News Column

Intercompany Income Tax Allocation Agreements

June 19, 2014



WASHINGTON, June 19 -- The Federal Deposit Insurance Corporation issued the following financial institution letter:

The federal banking agencies have approved an addendum that supplements and clarifies the 1998 Interagency Policy Statement on Income Tax Allocation in a Holding Company Structure (Interagency Policy Statement).

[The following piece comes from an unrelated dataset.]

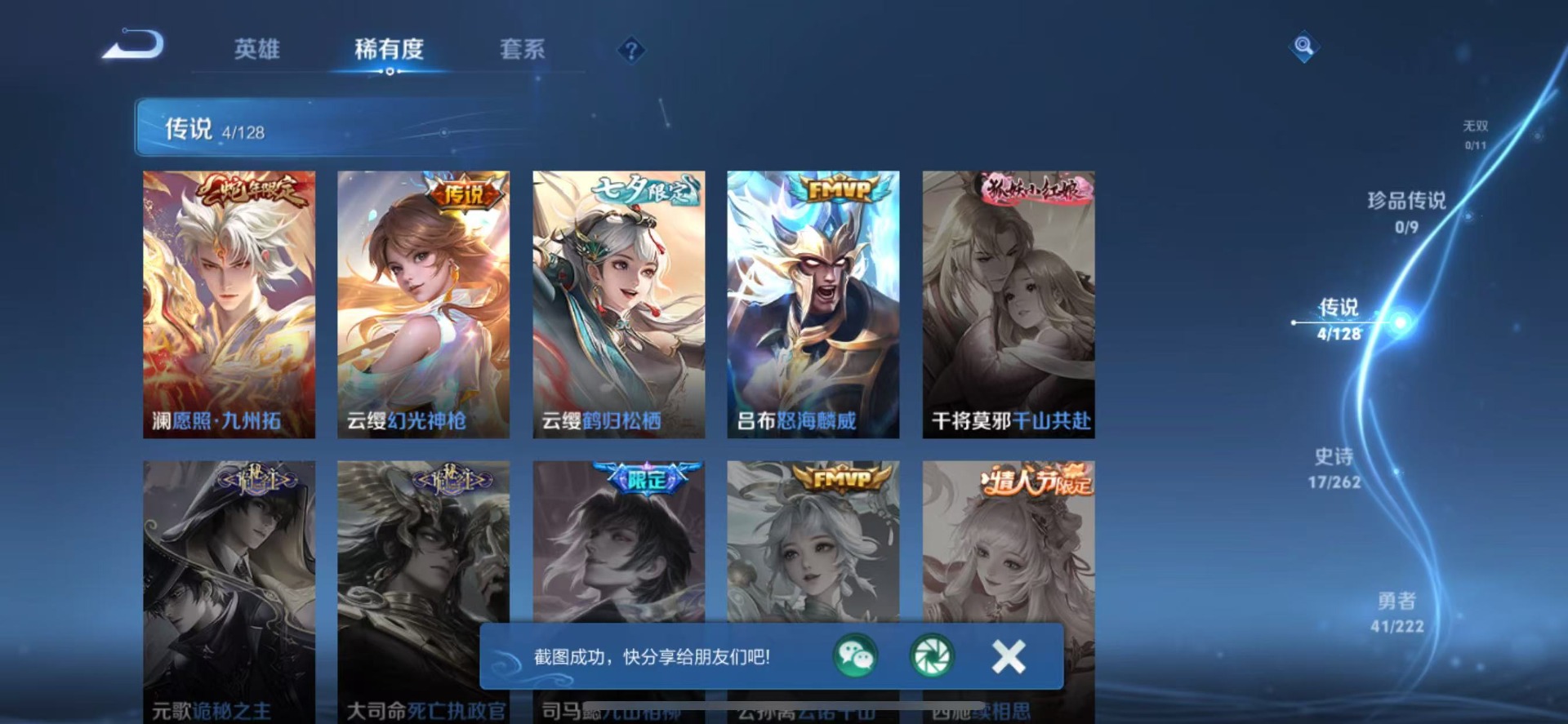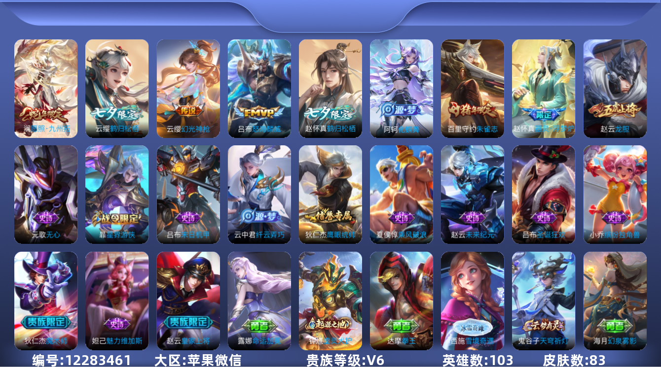 [12283461]V6 4传说 103英雄 83皮肤 可修改实名 所有社交场景限制 优质装备:鹤归松栖(云缨) 传说皮:幻光神枪 限定皮:愿照·九州拓(澜年限),怒海麟威,龙胆,朱雀志(守约年限) 史诗皮:器灵·浮梦炉,化蝶舞,鹤归松栖(赵怀真),末日机甲-吕布,纤云弄巧,缤纷独角兽,乘风破浪,圣诞狂欢,鹰眼统帅,魅力维加斯,无心,未来纪元-赵云

The agencies are issuing the addendum to ensure that insured depository institutions (IDIs) in a consolidated group maintain an appropriate relationship regarding the payment of taxes and the treatment of tax refunds.

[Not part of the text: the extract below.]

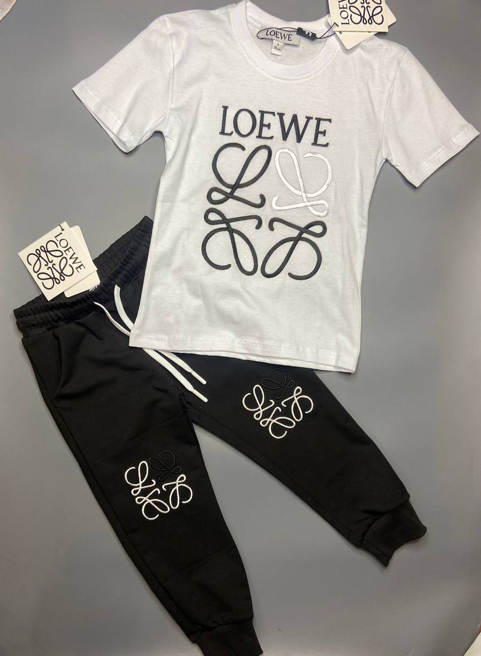 Костюм Loewe LUX-103045 - это стильный комплект одежды, состоящий из футболки и брюк. Дизайн костюма выполнен в спортивном стиле с акцентом на минимализм и узнаваемый логотип. Комплект представлен в классическом сочетании цветов: белый верх и черные брюки.

Statement of Applicability to Institutions Under $1 Billion in Total Assets: This Financial Institution Letter applies to all FDIC-supervised banks and savings associations, including community institutions, that (together with a parent holding company) file tax returns as members of a consolidated group.

Highlights:

* Since the adoption of the 1998 Interagency Policy Statement, disputes have occurred between holding companies in bankruptcy and failed IDIs regarding the ownership of tax refunds generated by the institutions.

* The addendum to the Interagency Policy Statement is intended to ensure that tax allocation agreements explicitly acknowledge that an agency relationship exists between a holding company and its subsidiary institution with respect to tax refunds attributable to the institution.

o The addendum directs institutions and their holding companies to review their agreements to ensure they achieve this objective with respect to tax refunds, and they do not contain other language to suggest a contrary intent.

o The addendum also includes a sample paragraph for institutions and their holding companies to use in their tax allocation agreements.

* In addition, the addendum clarifies how certain requirements of Sections 23A and 23B of the Federal Reserve Act apply to tax allocation agreements.

* The agencies expect institutions and holding companies to implement fully the addendum to the Interagency Policy Statement as soon as reasonably possible, which the agencies expect would not be later than October 31, 2014.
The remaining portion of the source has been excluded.